Le fils de Paul Féval (Paul Féval fils ... original!) a écrit plusieurs suites au texte de son père. Pour cela, il a modifié la fin écrite par son père, fin qui n’amenait naturellement pas de suite. Peut-être que les romans écrits par Paul Féval fils sont passionnants, mais en ce qui me concerne l'histoire écrite par Paul Féval père est parfaite comme cela. Je n'ai ni l'envie, ni la curiosité de lire les suites. Il n'y a pas d'autres fins que celle écrite par Paul Féval pour moi.

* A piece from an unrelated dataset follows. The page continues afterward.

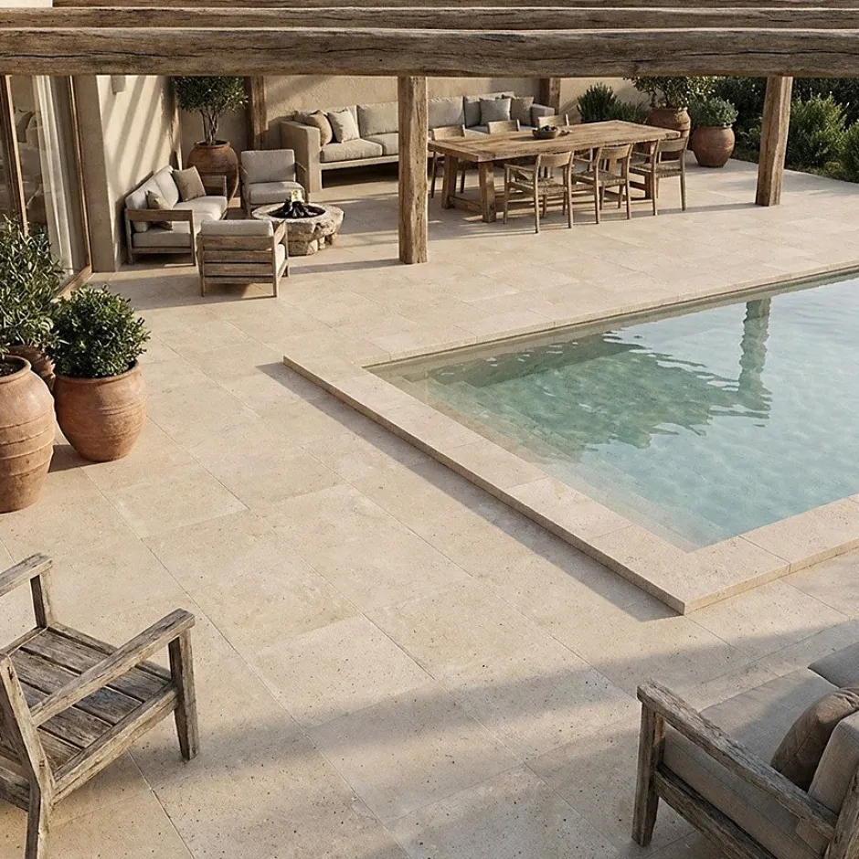 Le carrelage TIVOLI 60×60 cm imitation travertin est un choix parfait pour ceux qui souhaitent apporter une touche élégante et naturelle à leur extérieur. Avec son effet pierre, il recrée l’authenticité du travertin tout en offrant une finition moderne et pratique. Son format généreux de 60×60 cm permet de couvrir de grandes surfaces, créant une atmosphère accueillante et sophistiquée pour vos terrasses.Ce carrelage est doté d’une finition antidérapante R11, ce qui en fait une option idéale pour les zones extérieures susceptibles d’être humides, comme autour des piscines ou des zones de passage fréquent. Résistant aux intempéries et à l’usure, il conserve son apparence tout au long de l’année, même en cas de conditions climatiques difficiles.L’aspect authentique du TIVOLI s’intègre parfaitement avec divers styles d’aménagement extérieur, qu’il soit contemporain, méditerranéen ou classique. Ses teintes neutres apportent du charme tout en étant faciles à assortir avec d’autres matériaux, comme le bois ou le métal, pour créer une ambiance harmonieuse. De plus, sa surface rectifiée permet une pose uniforme et soignée, garantissant un rendu visuel impeccable.Le carrelage TIVOLI est également conçu pour être durable et facile à entretenir, ce qui en fait un choix pratique pour les espaces extérieurs. Sa robustesse lui permet de résister aux contraintes d’un usage quotidien, tout en conservant son aspect esthétique. Optez pour le carrelage TIVOLI pour sublimer vos extérieurs avec élégance et fonctionnalité.

" Un nom, une bosse, deux fardeaux qui n'écrasent que les pauvres d'esprits! Je suis un trop petit personnage pour être comparé à un financier d'importance comme M. Oriol. Si son nom l'écrase, tant pis pour lui; ma bosse ne me gêne pas. Le maréchal de Luxembourg est bossu! L'ennemi a t-il vu son dos à la bataille de Nerwinde? Le héros des comédies napolitaines, l'homme invincible à qui personne ne résiste, Pulcinella, est bossu par derrière et par devant. Tyrtée était boiteux et bossu; bossu et boiteux était Vulcain, le forgeron de la foudre; Esope dont vous me donnez le nom glorieux, avait sa bosse, qui était sa sagesse. La bosse du géant Atlas était le monde. Sans placer la mienne au même niveau que toutes ces illustres bosses, je dis qu'elle vaut, au cours du jour, cinquante mille écus de rente. Que serais-je sans elle? J'y tiens. Elle est d'or! "
(Le bossu, GF Flammarion, 1997, p557)
(Source image : bibliothèque nationale de France)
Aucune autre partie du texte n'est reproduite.